Transcribe the records below in full; pictures stay out of the copy.
□ □ □
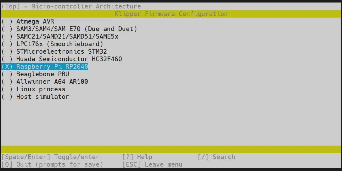 cd ~/klipper && rm -rf ~/klipper/.config && rm -rf ~/klipper/out && make menuconfig -
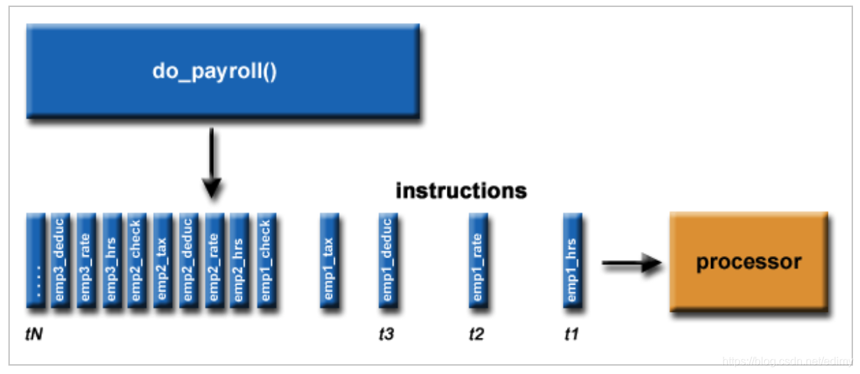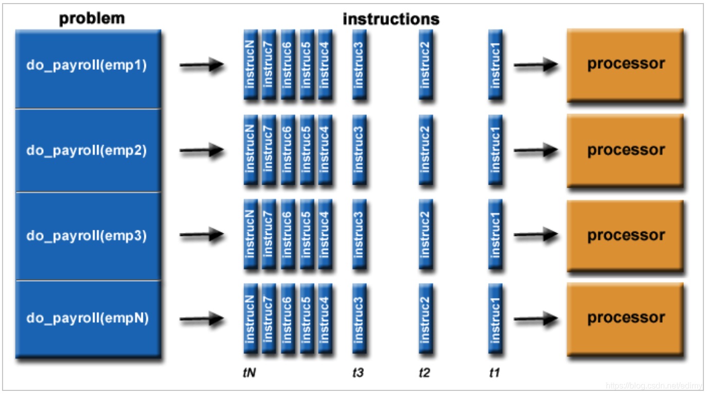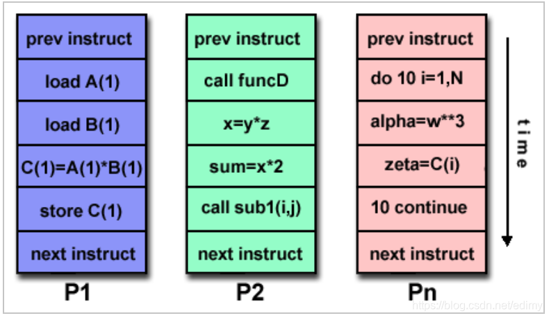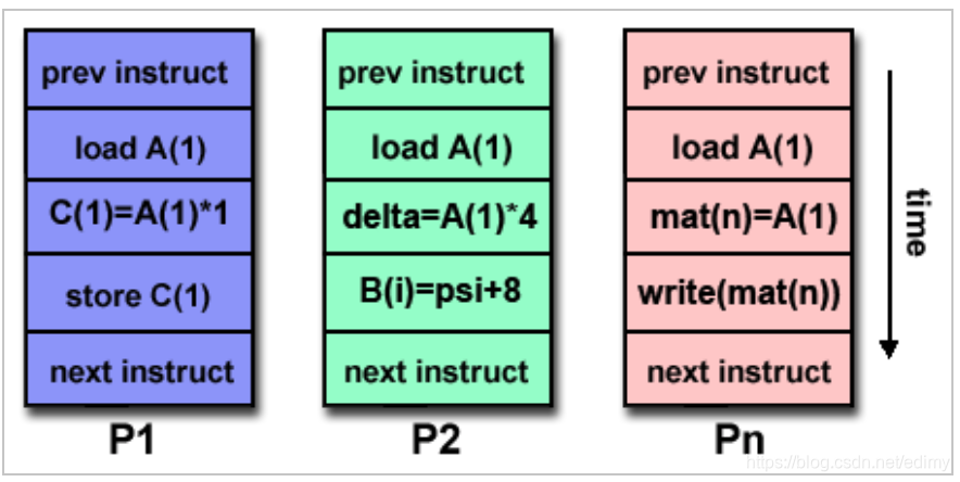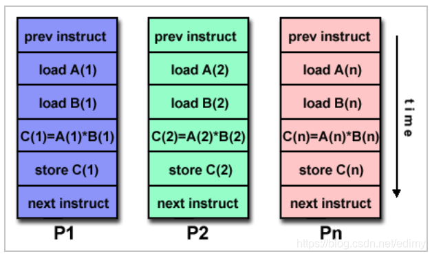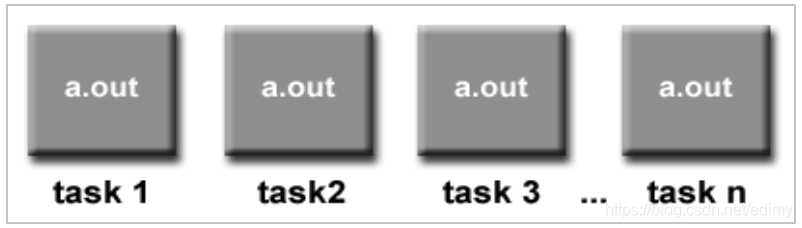- 单个程序:所有任务同时执行同一程序的副本。该程序可以是线程,消息传递,并行数据或混合数据。
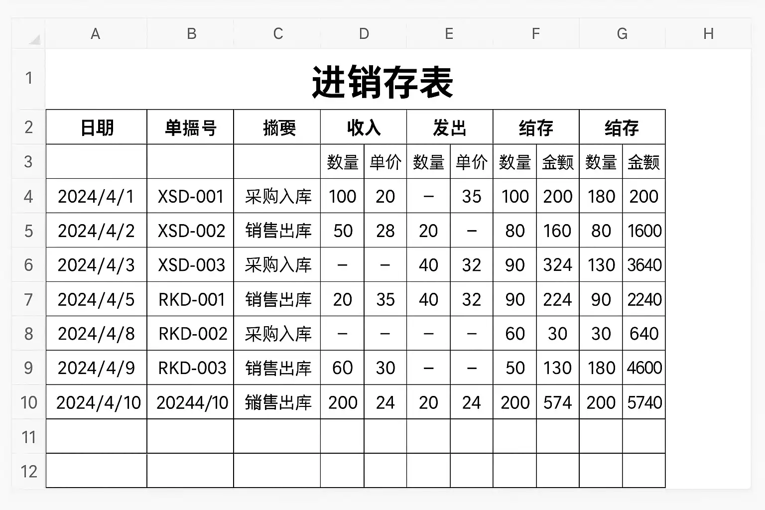 | 商品编号 | 商品名称 | 规格型号 | 单位 | 单价 | 日期 | 入库数量 | 出库数量 |
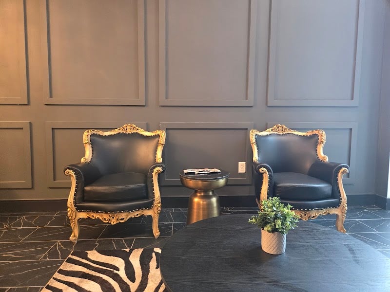 The image shows a stylish waiting area in a sewing store, featuring two ornate black chairs with gold accents.
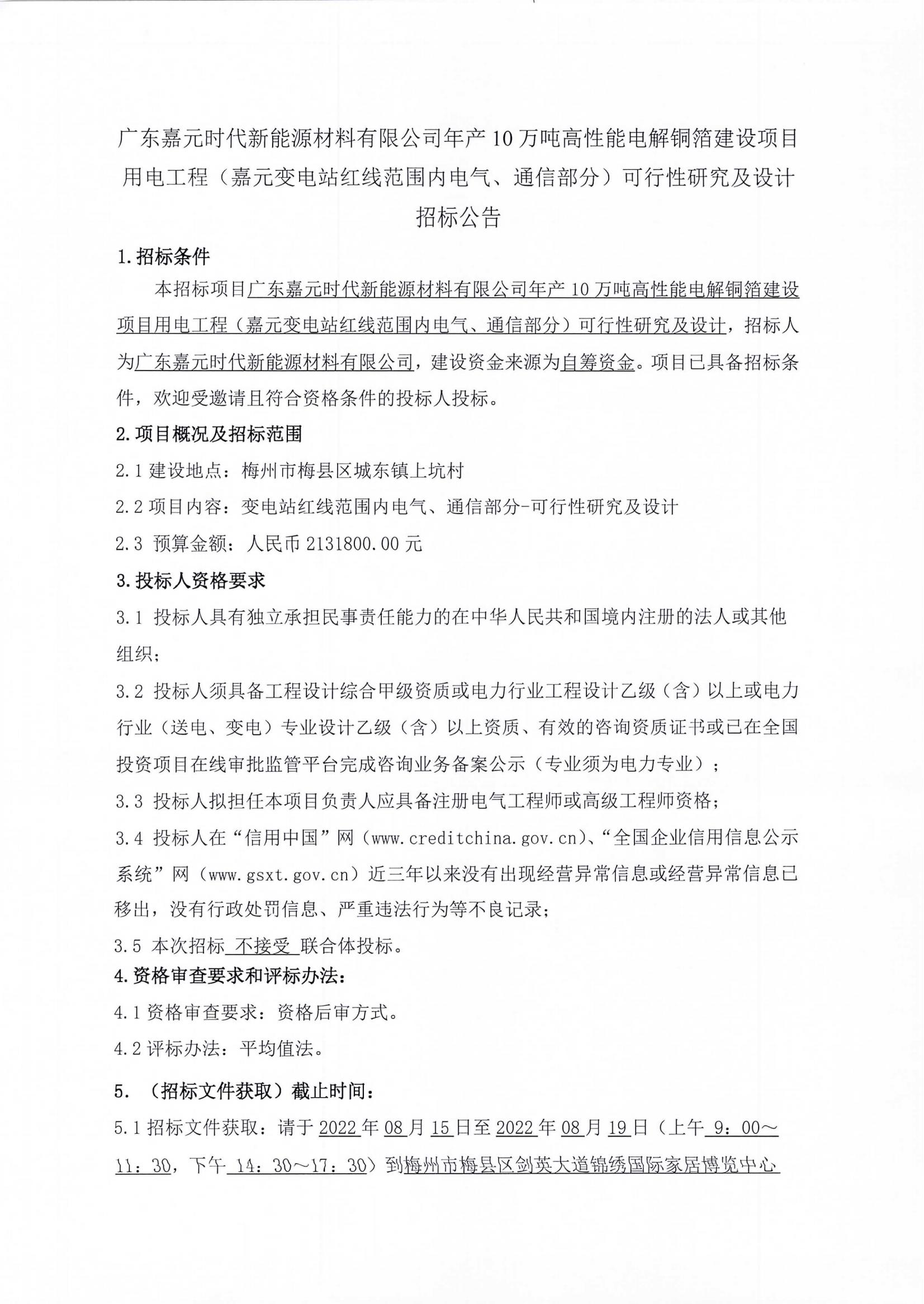 廣東嘉元時代新能源材料有限公司年產(chǎn)10萬噸高性能電解銅箔建設(shè)項目用電工程(嘉元變電站紅線范圍內(nèi)電氣、通信部分)可行性研究及設(shè)計招標(biāo)公告
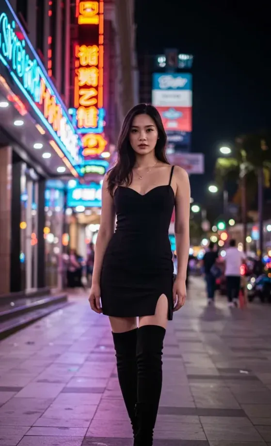 I m obsessed with how this outfit combines sultry elegance with urban edge. The black dress is a classic, but the thigh-high boots take it to a whole new level of fierceness. It’s perfect for a night out when you want to make a statement and feel amazing while doing it. Plus, the contrast of the dress with the colorful city lights makes it feel even more dynamic and exciting!
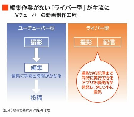 一般的なユーチューバーと同じ「撮影→編集→投稿」というやり方では、編集作業に大きな労力がかかる。一方のライブ配信であれば、編集自体が必要なくなるため、作業効率が大幅に改善される。カバーのようなVチューバー事務所は所属タレント向けに配信用のアプリを開発・提供しており、そのアプリを使用してタレントが簡単にライブ配信を行える。
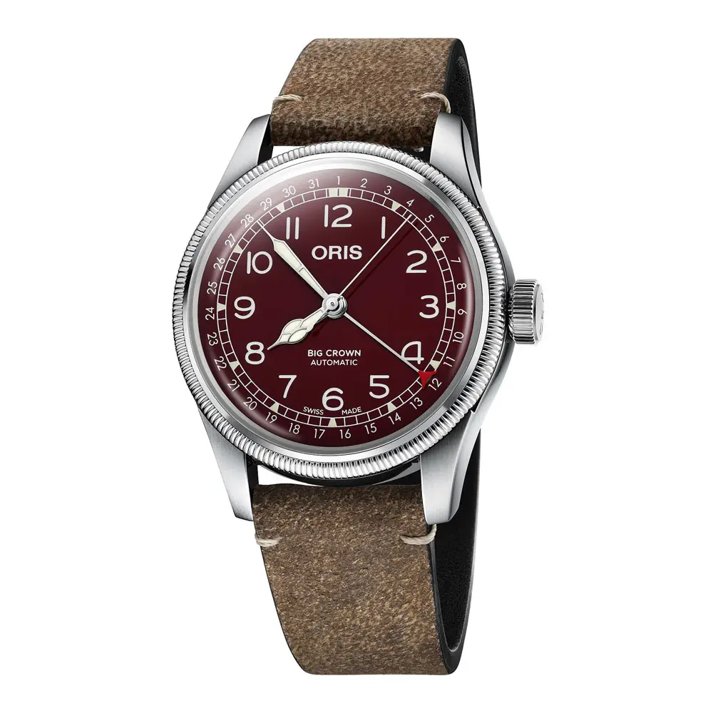 Oris Big Crown Pointer Date 01-754-7741-4068-07 5 20 50 là mẫu đồng hồ cơ nam lấy cảm hứng từ thiết kế phi công cổ điển, đặc trưng của bộ sưu tập Big Crown từ năm 1938. Vỏ đồng hồ đường kính 40 mm được làm từ thép không gỉ và trang bị núm vặn lớn đặc trưng giúp thao tác dễ dàng ngay cả khi đeo găng tay. Đồng hồ nổi bật với mặt số màu đỏ rượu vang (bordeaux) cùng các chữ số Ả Rập và kim phủ dạ quang, đảm bảo khả năng đọc giờ tốt.
□ □ □
Answer section:
 cd ~/klipper && rm -rf ~/klipper/.config && rm -rf ~/klipper/out && make menuconfig -
- 单个程序:所有任务同时执行同一程序的副本。该程序可以是线程,消息传递,并行数据或混合数据。
 | 商品编号 | 商品名称 | 规格型号 | 单位 | 单价 | 日期 | 入库数量 | 出库数量 |
 The image shows a stylish waiting area in a sewing store, featuring two ornate black chairs with gold accents.
 廣東嘉元時代新能源材料有限公司年產(chǎn)10萬噸高性能電解銅箔建設(shè)項目用電工程(嘉元變電站紅線范圍內(nèi)電氣、通信部分)可行性研究及設(shè)計招標(biāo)公告
 I m obsessed with how this outfit combines sultry elegance with urban edge. The black dress is a classic, but the thigh-high boots take it to a whole new level of fierceness. It’s perfect for a night out when you want to make a statement and feel amazing while doing it. Plus, the contrast of the dress with the colorful city lights makes it feel even more dynamic and exciting!
 一般的なユーチューバーと同じ「撮影→編集→投稿」というやり方では、編集作業に大きな労力がかかる。一方のライブ配信であれば、編集自体が必要なくなるため、作業効率が大幅に改善される。カバーのようなVチューバー事務所は所属タレント向けに配信用のアプリを開発・提供しており、そのアプリを使用してタレントが簡単にライブ配信を行える。
 Oris Big Crown Pointer Date 01-754-7741-4068-07 5 20 50 là mẫu đồng hồ cơ nam lấy cảm hứng từ thiết kế phi công cổ điển, đặc trưng của bộ sưu tập Big Crown từ năm 1938. Vỏ đồng hồ đường kính 40 mm được làm từ thép không gỉ và trang bị núm vặn lớn đặc trưng giúp thao tác dễ dàng ngay cả khi đeo găng tay. Đồng hồ nổi bật với mặt số màu đỏ rượu vang (bordeaux) cùng các chữ số Ả Rập và kim phủ dạ quang, đảm bảo khả năng đọc giờ tốt.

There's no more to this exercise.